Le grandi opere di Ogilvy

David Ogilvy è morto nel 1999, all’età di 88 anni, nella sua casa di Bonnes, in Francia. Il mondo lo ricorderà sempre come l’uomo che ha cambiato per sempre la pubblicità. E, fortunatamente, ci ha lasciato parte della sua testimonianza e della sua conoscenza sotto forma di libri.
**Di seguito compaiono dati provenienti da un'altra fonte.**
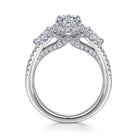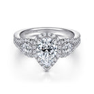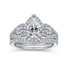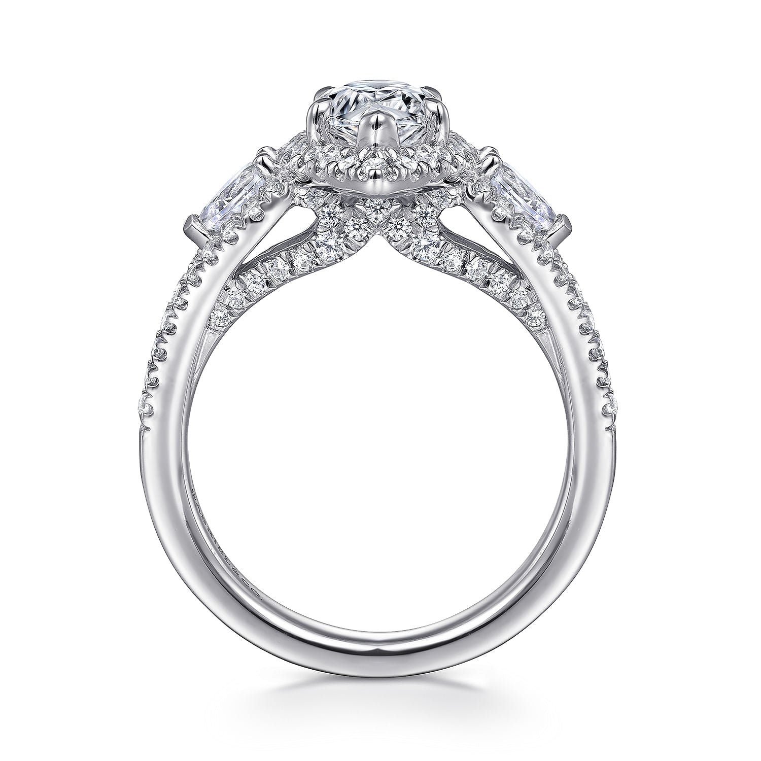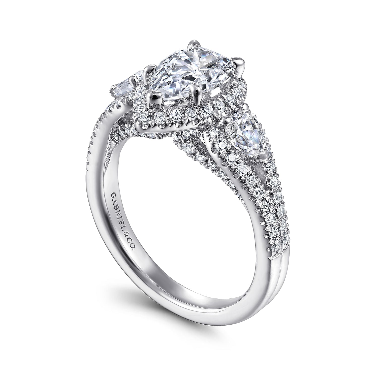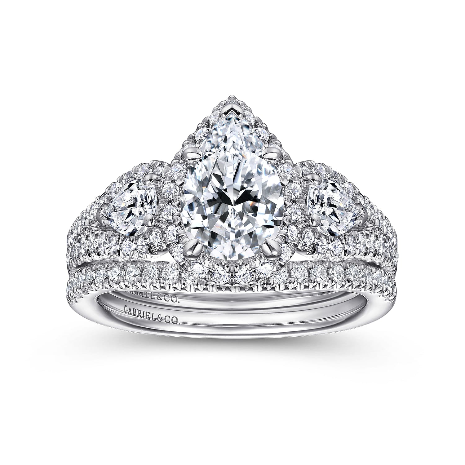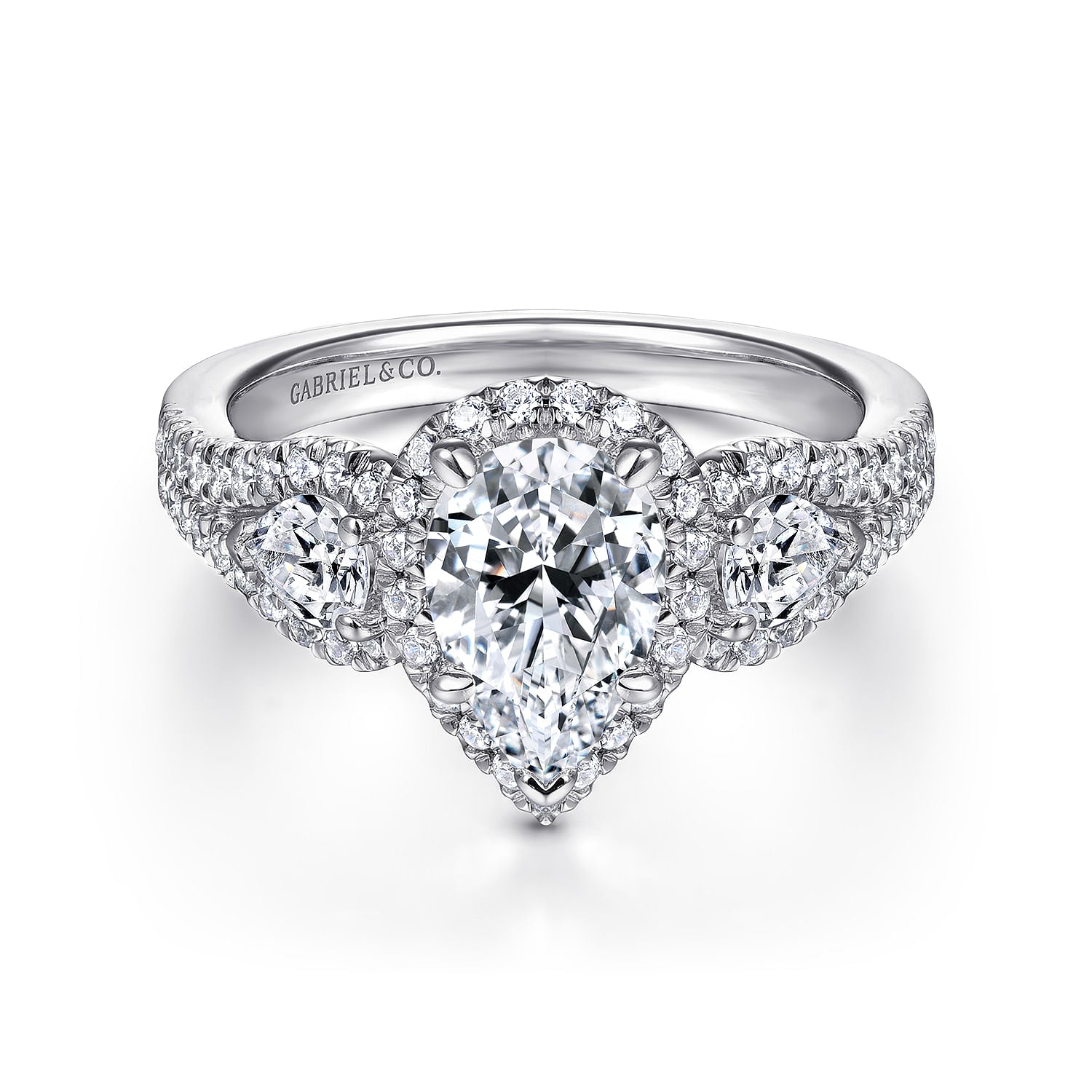 14K White Gold Pear Shape Three Stone Halo Diamond Engagement Ring

Le confessioni dell’inserzionista

Questa è la Bibbia della pubblicità travestita da autobiografia di David Ogilvy. In questo libro Ogilvy ripercorre la storia della sua vita, in cui si mescolano lezioni su Pubblicità, affari e gestione del personale.
È un lavoro essenziale per qualsiasi professionista della pubblicità.

Sulla pubblicità

Il manuale completo della pubblicità, scritto da Ogilvy. Chi vuole spremere di più la saggezza di questo genio pubblicitario ha bisogno di questo libro.

L’inedito Ogilvy

Per conoscere da vicino David Ogilvy, puoi dare un’occhiata alle sue lettere, ai suoi riassunti, ai suoi appunti e ai suoi discorsi in questa raccolta di documenti realizzati dalla sua famiglia e dai suoi amici. Include alcune interviste e il manuale per i venditori di case che scrisse quando lasciò il suo lavoro di venditore in Inghilterra.

Ogilvy oggi

L’agenzia che ha fondato Ogilvy rimane una delle più grandi al mondo. Sotto il nome di Ogivy & Mather, ha 450 uffici in 120 paesi, impiegando circa 18.000 persone. Dal 1989 fa parte del gruppo di comunicazione WPP.
A livello creativo, l’agenzia rimane un leader. A Cannes Lions è stata nominata rete agenziale dell’anno e la filiale brasiliana ha vinto il premio come agenzia dell’anno. Ogilvy & Mather supera i cento Lions.